Work request: Please reproduce the listing below exactly, leaving out every picture.

Given data:

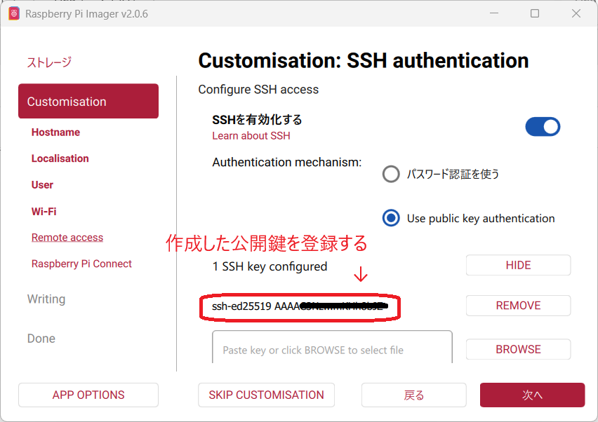 Raspberry Pi SSH接続の事前準備(公開鍵作成)
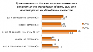 В то же время общество стало менее категоричным по отношению к свободе выбора врача в случае необходимости проведения аборта: количество тех, кто считает, что врачи не должны иметь возможности отказа от проведения аборта уменьшилось на 10%, а вот не определившихся в своём мнении стало на 8% больше. При этом мнение о необходимости информирования женщин о возможных последствиях аборта несколько ослабло: в 2012 году на 3% увеличилась доля отрицающих необходимость информирования и на 5% снизилась доля убеждённых в необходимости информирования.
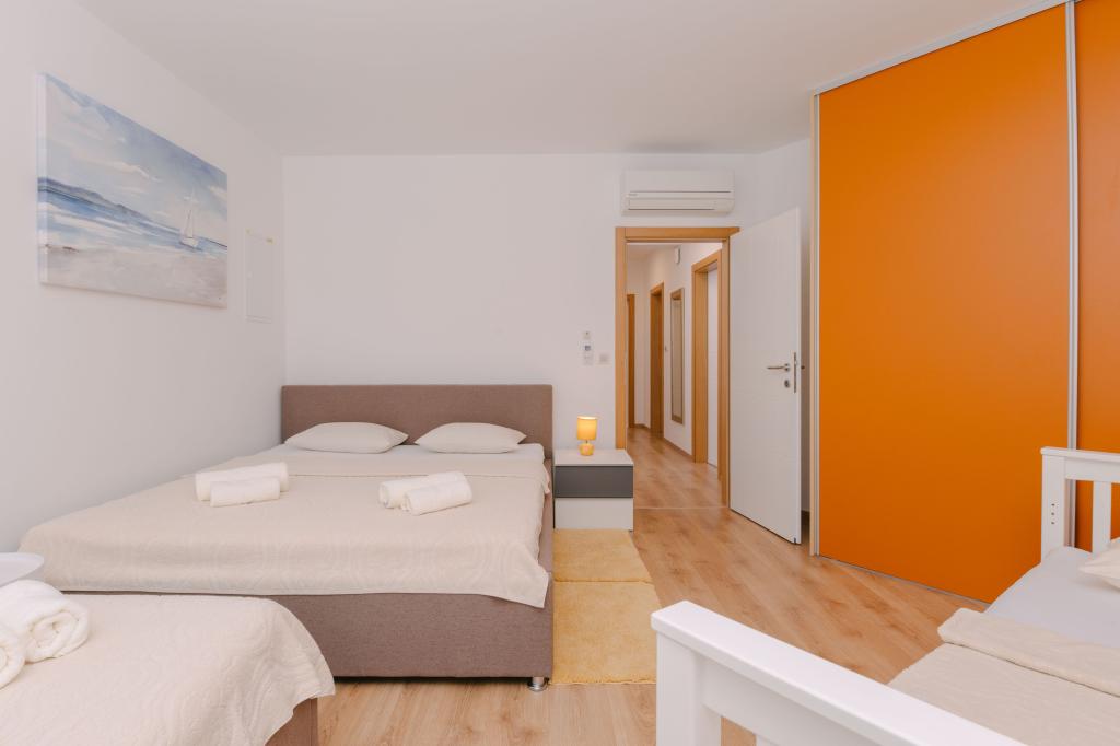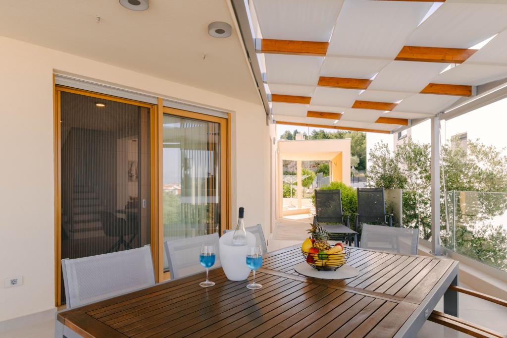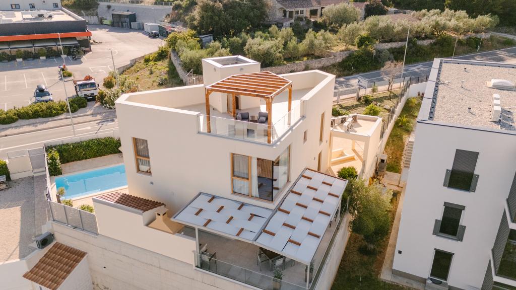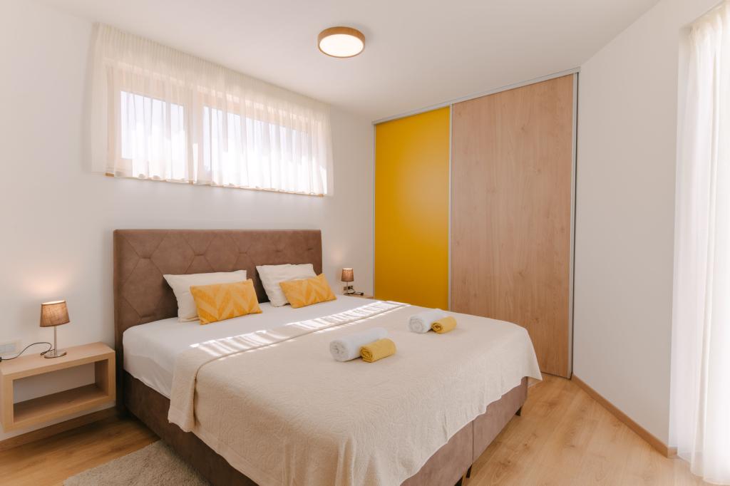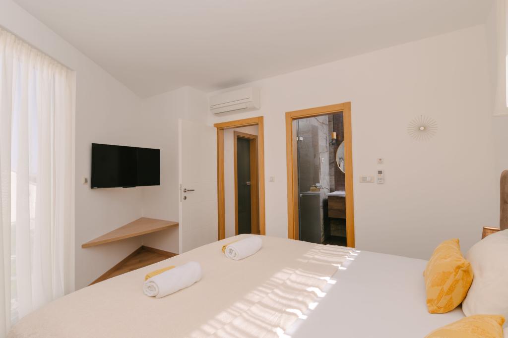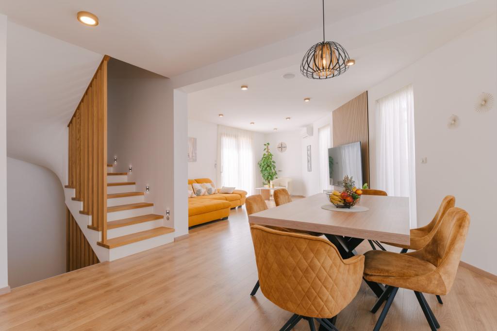 Tri moderne glavne spavaće sobe nalaze se na katu, dok se jedna gostinjska soba nalazi u podrumu. Sve kupaonice opremljene su vrhunskim Grohe i Laufen armaturama, prestižnim dizajnerskim keramičkim pločicama i elegantnim staklenim vratima. Kuća je službeno kategorizirana od strane Ministarstva turizma RH, što omogućuje udoban smještaj za 9, čak i 10 gostiju. Otvoreni dnevni boravak i blagovaonica, kao i svaka spavaća soba, opremljeni su individualnim klima uređajima s tihim načinom rada, savršenim za miran san. Moderna kuhinja, poznatog austrijskog brenda DanKüchen, potpuno je opremljena vrhunskim aparatima, uključujući hladnjak s ledomatom i aparat za hladnu vodu.
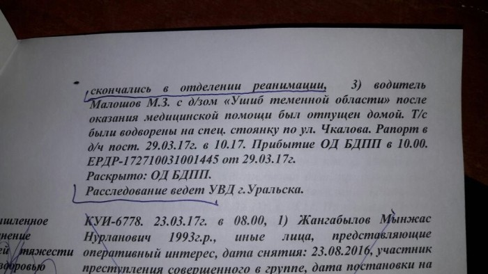 Выписка из официальной сводки полиции. © uralskweek.kz
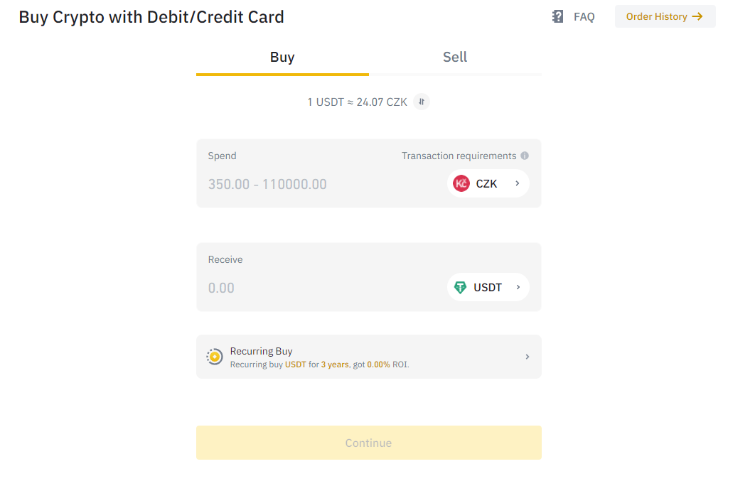 Затем переходим на "BINANCE" и выбираем метод оплаты "дебетовая/кредитная карта" czk - usdt - link
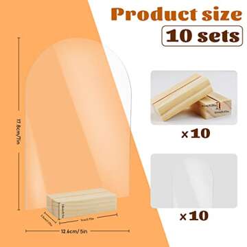 Show moreDiscover the elegance and versatility of the Bercoor 10 Pack 5x7 Inch Blank Clear Arch Acrylic Sign with Wooden Stands. This exceptional set includes 10 clear acrylic sheets sized at 5" x 7" (126mm x 178mm) and comes with sturdy wooden stands designed to enhance the presentation of your special events. Each acrylic piece features a protective film to maintain its clarity during transport and setup. Whether you're crafting customized signs or decorating tables for gatherings, these acrylic arches offer a sophisticated touch that’s sure to impress your guests.
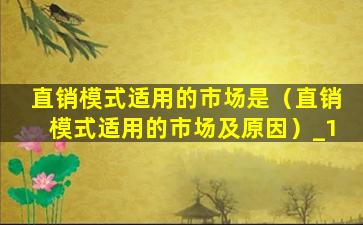直销模式适用的市场是(直销模式适用的市场及原因)
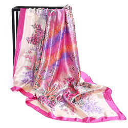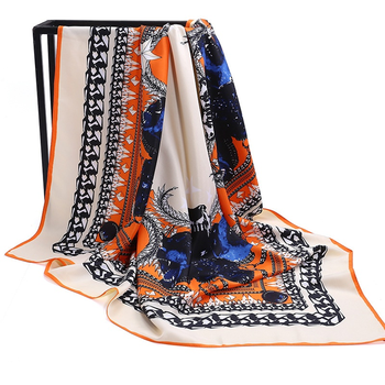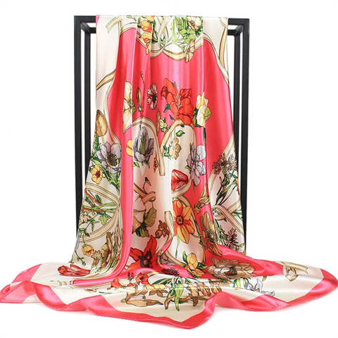 Estate all'ingrosso nuova moda europea americana stampa del modello di fiore del vento Logo personalizzato 90 90 sciarpa quadrata da donna materiale satinato
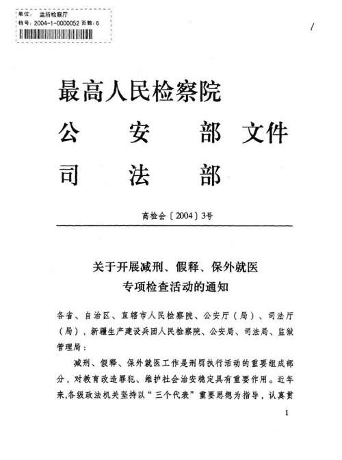 最高人民丝袜小说 、公安部、司法部《关于开展减刑、假释、保外就医专项检查活动的通知》

Result of this exercise:
 Raspberry Pi SSH接続の事前準備(公開鍵作成)
 В то же время общество стало менее категоричным по отношению к свободе выбора врача в случае необходимости проведения аборта: количество тех, кто считает, что врачи не должны иметь возможности отказа от проведения аборта уменьшилось на 10%, а вот не определившихся в своём мнении стало на 8% больше. При этом мнение о необходимости информирования женщин о возможных последствиях аборта несколько ослабло: в 2012 году на 3% увеличилась доля отрицающих необходимость информирования и на 5% снизилась доля убеждённых в необходимости информирования.
 Tri moderne glavne spavaće sobe nalaze se na katu, dok se jedna gostinjska soba nalazi u podrumu. Sve kupaonice opremljene su vrhunskim Grohe i Laufen armaturama, prestižnim dizajnerskim keramičkim pločicama i elegantnim staklenim vratima. Kuća je službeno kategorizirana od strane Ministarstva turizma RH, što omogućuje udoban smještaj za 9, čak i 10 gostiju. Otvoreni dnevni boravak i blagovaonica, kao i svaka spavaća soba, opremljeni su individualnim klima uređajima s tihim načinom rada, savršenim za miran san. Moderna kuhinja, poznatog austrijskog brenda DanKüchen, potpuno je opremljena vrhunskim aparatima, uključujući hladnjak s ledomatom i aparat za hladnu vodu.
 Выписка из официальной сводки полиции. © uralskweek.kz
 Затем переходим на "BINANCE" и выбираем метод оплаты "дебетовая/кредитная карта" czk - usdt - link
 Show moreDiscover the elegance and versatility of the Bercoor 10 Pack 5x7 Inch Blank Clear Arch Acrylic Sign with Wooden Stands. This exceptional set includes 10 clear acrylic sheets sized at 5" x 7" (126mm x 178mm) and comes with sturdy wooden stands designed to enhance the presentation of your special events. Each acrylic piece features a protective film to maintain its clarity during transport and setup. Whether you're crafting customized signs or decorating tables for gatherings, these acrylic arches offer a sophisticated touch that’s sure to impress your guests.
直销模式适用的市场是(直销模式适用的市场及原因)
 Estate all'ingrosso nuova moda europea americana stampa del modello di fiore del vento Logo personalizzato 90 90 sciarpa quadrata da donna materiale satinato
 最高人民丝袜小说 、公安部、司法部《关于开展减刑、假释、保外就医专项检查活动的通知》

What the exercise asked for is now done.